Greenmail
The practice of a company repurchasing a hostile shareholder's stake at a premium to end a takeover threat.
What is Greenmail?
Greenmail is a corporate defense tactic in which a company repurchases a large block of its own shares from a specific shareholder—typically a corporate raider or activist investor who has acquired a significant stake and threatened a hostile takeover—at a substantial premium to market price, in exchange for the shareholder's agreement to cease acquisition efforts and not acquire additional shares for a specified period. The term blends 'greenback' and 'blackmail,' reflecting the coercive leverage the raider holds.
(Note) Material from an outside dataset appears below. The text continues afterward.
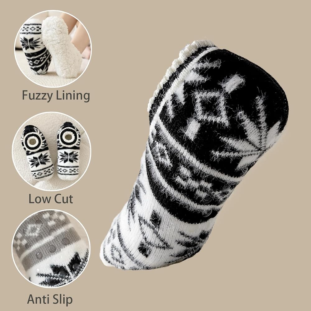 Thick slipper socks keep your feet warm for the winter months. Enjoy cozy, warm and fuzzy winter days.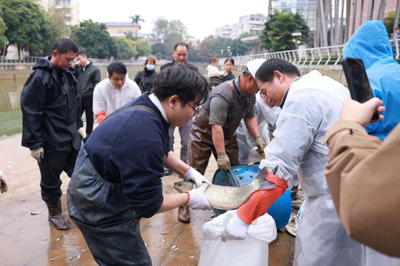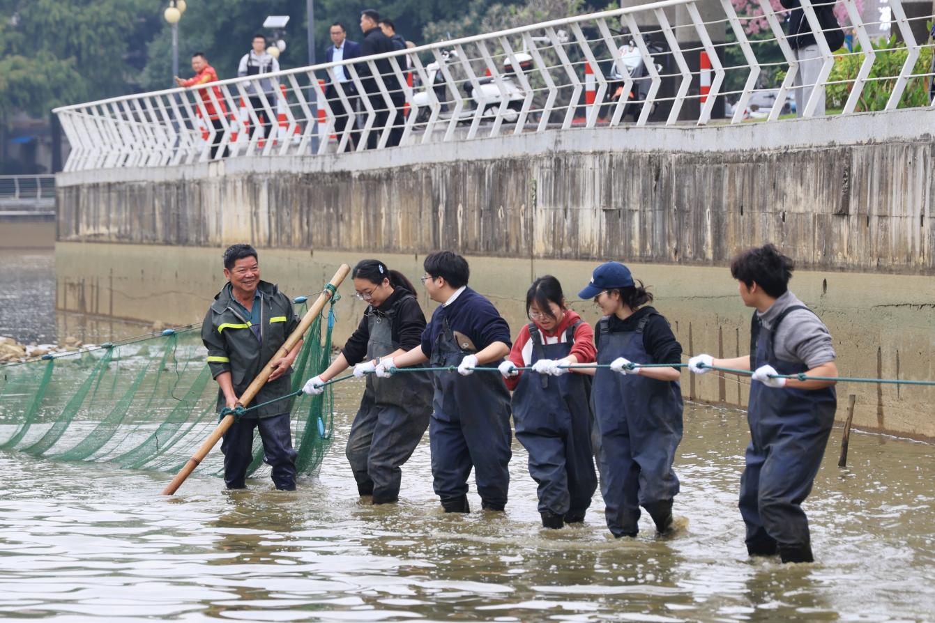12月29日上午,一年一度的杏湖冬捕活动在taptap点点南宁—校本部杏湖拉开序幕。学校校长曾志羽、副校长唐卫中、师生代表及离退休教职工齐聚湖畔,共同见证丰收场景。在专业人员的指导下,十余名学生参与了拉网、收鱼等捕捞环节。活动共捕捞“幸福鱼”(杏湖鱼)近8000斤,品种涵盖罗非鱼、草鱼、白鲢鱼、鲤鱼等。活动同步在南宁市融媒体中心新闻夜班相关账号开展直播,网络直播观看总人次100522人次。

While greenmail effectively removes the immediate takeover threat, it is widely criticized as it uses corporate resources to benefit a single shareholder at the expense of all others and can entrench incumbent management. The Tax Reform Act of 1987 imposed a 50% excise tax on greenmail profits in the United States, substantially curbing the practice.
Example
In 1984, corporate raider Saul Steinberg and his Reliance Group Holdings acquired approximately 11.1% of The Walt Disney Company's outstanding shares and threatened a hostile takeover. To remove the threat, Disney's management paid approximately $325 million to repurchase Steinberg's stake at a significant premium to the then-prevailing market price—an early and prominent example of greenmail that drew widespread criticism from institutional shareholders and fueled the eventual legislative response in 1987.